**YOUR OBJECTIVE:** Without the pictures, retype exactly the lines from the top of the entries below through the line that contains "from left: a".

---

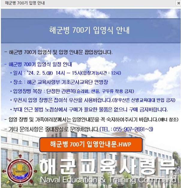 해군 일정에 확인 후
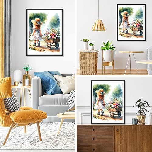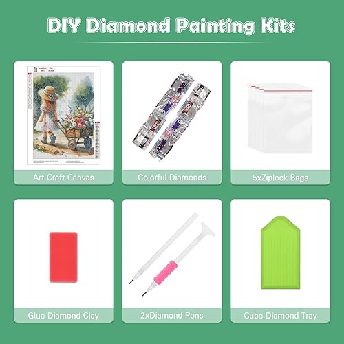 RICUVED Fille en Fleur Diamond Painting Kit -Fleur Peinture Diamant 5D DIY pour Adultes, Kit Complet de Broderie Diamant Diamant Strass Point de Croix Cristal Painting pour Murale Décoration 30x40 cm
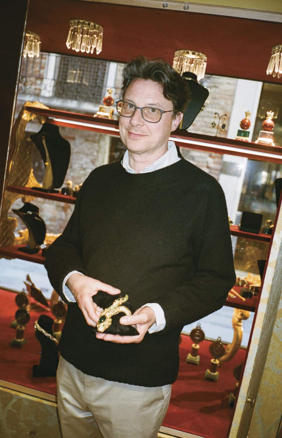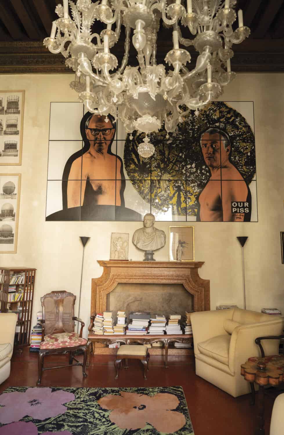 from left: a window at the Calle Vallaresso boutique, heaving with precious objects; inside Attilio Codognato’s art-filled palazzo, where the siblings’ father lived with his collection, which included works by Gilbert and George, Marcel Duchamp, Cy Twombly and Andy Warhol
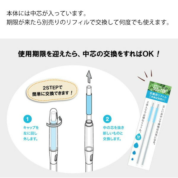 「水やりチェッカー sustee(サスティー)」は、約1年間使用できます。使い捨てではなく交換用レフィルで再度使用できるのもポイントです。
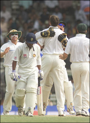 Test cricket at its finestS S Das played an innings that the country will be proud of -- full of determination and pluck. But nobody must have expected him to get out to the first ball of the morning. That is exactly why the Australians are rejoicing, as the lad walks back to the pavilion.

---

**RESULT BELOW:**
 해군 일정에 확인 후
 RICUVED Fille en Fleur Diamond Painting Kit -Fleur Peinture Diamant 5D DIY pour Adultes, Kit Complet de Broderie Diamant Diamant Strass Point de Croix Cristal Painting pour Murale Décoration 30x40 cm
 from left: a window at the Calle Vallaresso boutique, heaving with precious objects; inside Attilio Codognato’s art-filled palazzo, where the siblings’ father lived with his collection, which included works by Gilbert and George, Marcel Duchamp, Cy Twombly and Andy Warhol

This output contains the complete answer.